Joining public or late stage pre-IPO companies, equity provides the possibility of real wealth. There is a great Wealthfront article about this -- that if you live in the bay area and have a normal nuclear family, you need equity if you hope to pay for a house, college, etc.
I've seen this in my own life and in many colleagues, friends, and people I've hired. It's not a guaranteed paycheck, but in the bay area getting a healthy equity grant is part of the standard comp package. Without luck, it can be a nice bonus. With some luck it can really move the needle. And with ISO's especially you can choose when to pay taxes on the income.
I know that outside the bay area comp packages are structured differently -- and often less lucratively.
The problem here is that "the possibility of real wealth" is not "real wealth". Not being dead provides "the possibility of real wealth" to approximately the same degree as the equity offered to anyone past double digit employee count. Even before that it's only factor unity above the baseline of "not yet dead"
It's a subjective term. But IMO, a few hundred grand after-taxes is real wealth to somebody making $150k a year. It can bend the net-worth growth curve of your life -- a huge home downpayment, elimination of your student loans, etc. Be smart, take an educated risk, and IMO don't listen to people who say equity is worthless.
I'd love to see real data on what percentage of tech workers who receive equity ACTUALLY end up cashing out for over, say, $100K. Not a HN Survey, because of course everyone here has $10MM in equity, a mansion on the Peninsula, and a supermodel spouse. But a real survey across the huge tech company landscape, in and out of Silicon Valley.
Over a 4 year grant? This is just a guess, I don't have the IRS database at my hands. Maybe $200-300k after-tax sounds more reasonable? Like I said above -- "with some luck"

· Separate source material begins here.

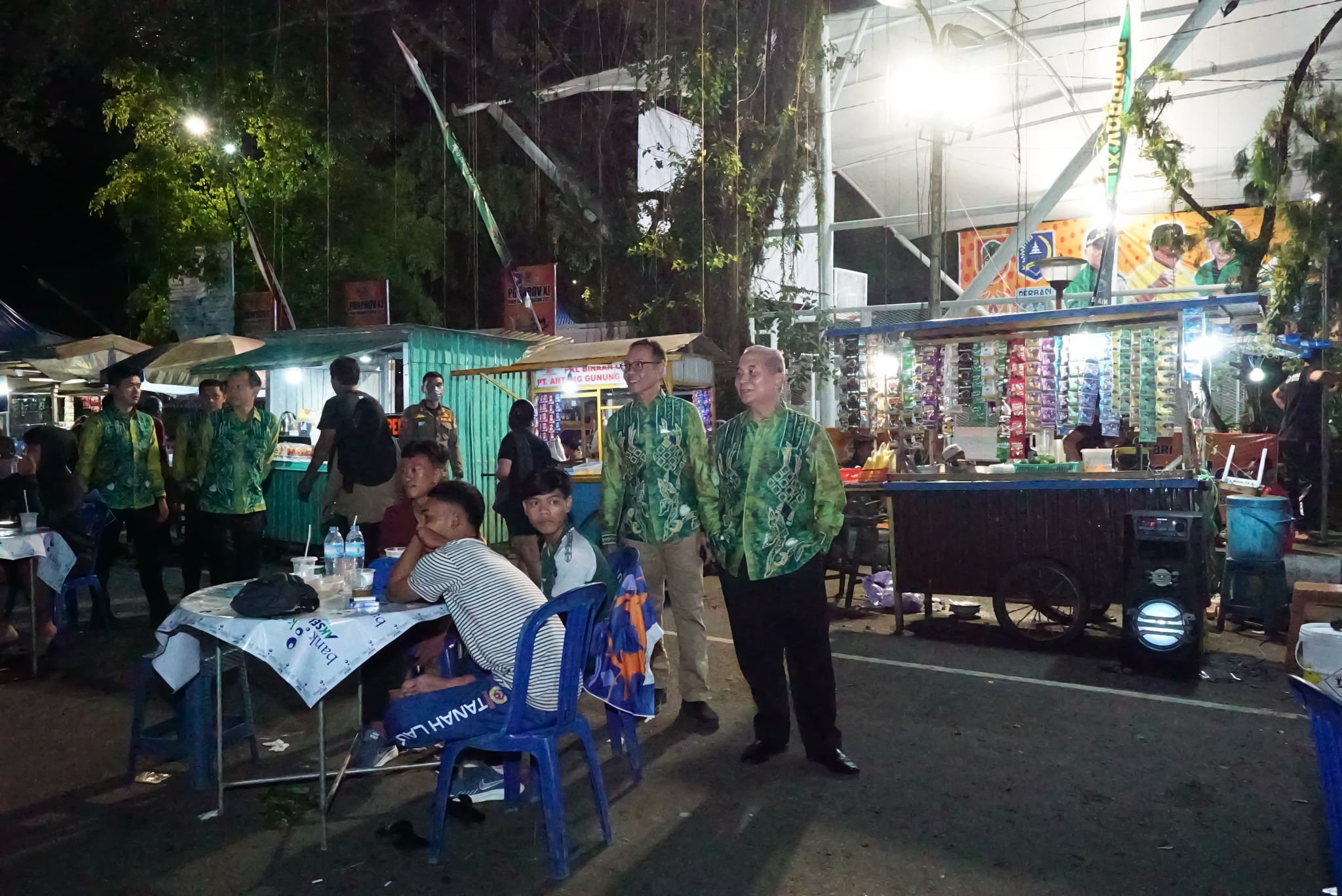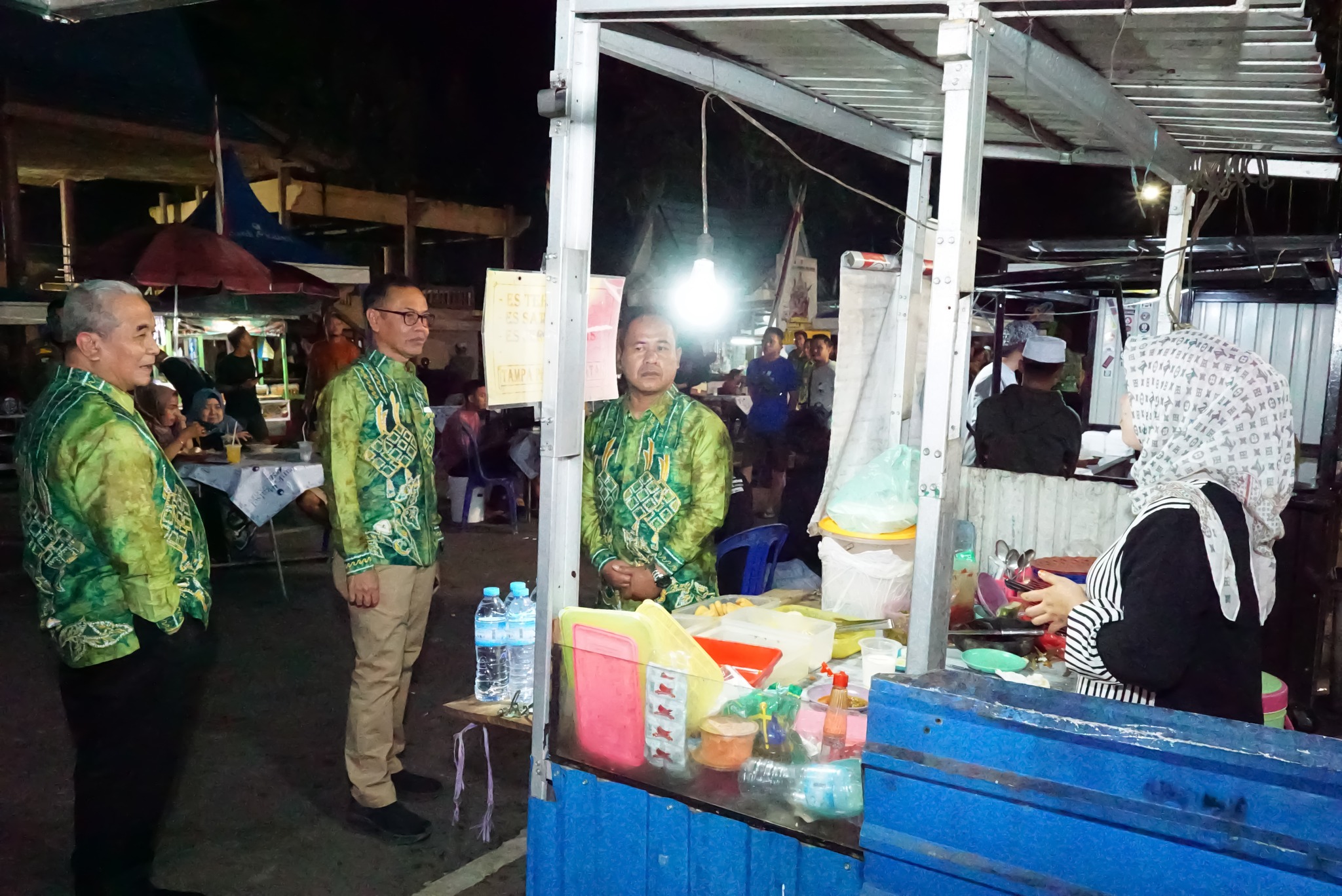 Setelah selesai acara ramah tamah bersama para kontigen Porprov XI Kalsel, Bupati HSS Drs. H. Achmad Fikry, M.AP didampingi Sekretaris Daerah Kab. HSS Drs. H. M Noor, M.AP beserta jajarannya menyempatkan untuk meninjau dan menyapa para pedagang jajanan kuliner yang berada di depan sekitaran Gedung MTQ Kandangan.

You have not yet actually made a guess you've just kept asserting that "a lot of money" is "a lot of money" and I agree. A lot of money is a lot money. I just think that modulo nobody is actually seeing a lot of money from start-up employee equity.
The problem is that it's not an easy thing to estimate. I know I've had equity grants that I thought were worth $x but turned out to be worth $x * 4. But you don't sell all of it at once, and you don't pay all of the tax bill when you sell, so it's a very hard thing to know. $200-300k after taxes is, I'm sure, not a rare outcome over a 4-year vest.

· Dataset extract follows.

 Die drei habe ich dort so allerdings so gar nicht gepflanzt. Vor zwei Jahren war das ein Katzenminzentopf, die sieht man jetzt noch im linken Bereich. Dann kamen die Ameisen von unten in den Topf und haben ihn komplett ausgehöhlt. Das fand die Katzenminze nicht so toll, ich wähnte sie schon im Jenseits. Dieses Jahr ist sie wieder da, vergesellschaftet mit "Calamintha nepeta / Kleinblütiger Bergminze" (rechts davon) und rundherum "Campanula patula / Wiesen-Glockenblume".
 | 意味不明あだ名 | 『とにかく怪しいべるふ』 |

if you live in the bay area and have a normal nuclear family, you need equity if you hope to pay for a house, college, etc.
Then holy hell am I glad I don't live in the Bay area. Because, as the article demonstrates, there is zero guarantee that the equity you have will be worth anything. That you'd depend on such a thing to pay your mortgage and send your kids to college? Madness.

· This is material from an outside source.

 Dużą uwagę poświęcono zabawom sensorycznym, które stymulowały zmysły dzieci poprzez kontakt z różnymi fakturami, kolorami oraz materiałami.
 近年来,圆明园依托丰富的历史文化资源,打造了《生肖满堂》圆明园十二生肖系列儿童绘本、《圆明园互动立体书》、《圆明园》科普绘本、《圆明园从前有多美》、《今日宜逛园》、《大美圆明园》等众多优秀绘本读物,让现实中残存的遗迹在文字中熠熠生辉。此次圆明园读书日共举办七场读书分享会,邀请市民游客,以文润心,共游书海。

I've seen this in my own life and in many colleagues, friends, and people I've hired. It's not a guaranteed paycheck, but in the bay area getting a healthy equity grant is part of the standard comp package. Without luck, it can be a nice bonus. With some luck it can really move the needle. And with ISO's especially you can choose when to pay taxes on the income.
I know that outside the bay area comp packages are structured differently -- and often less lucratively.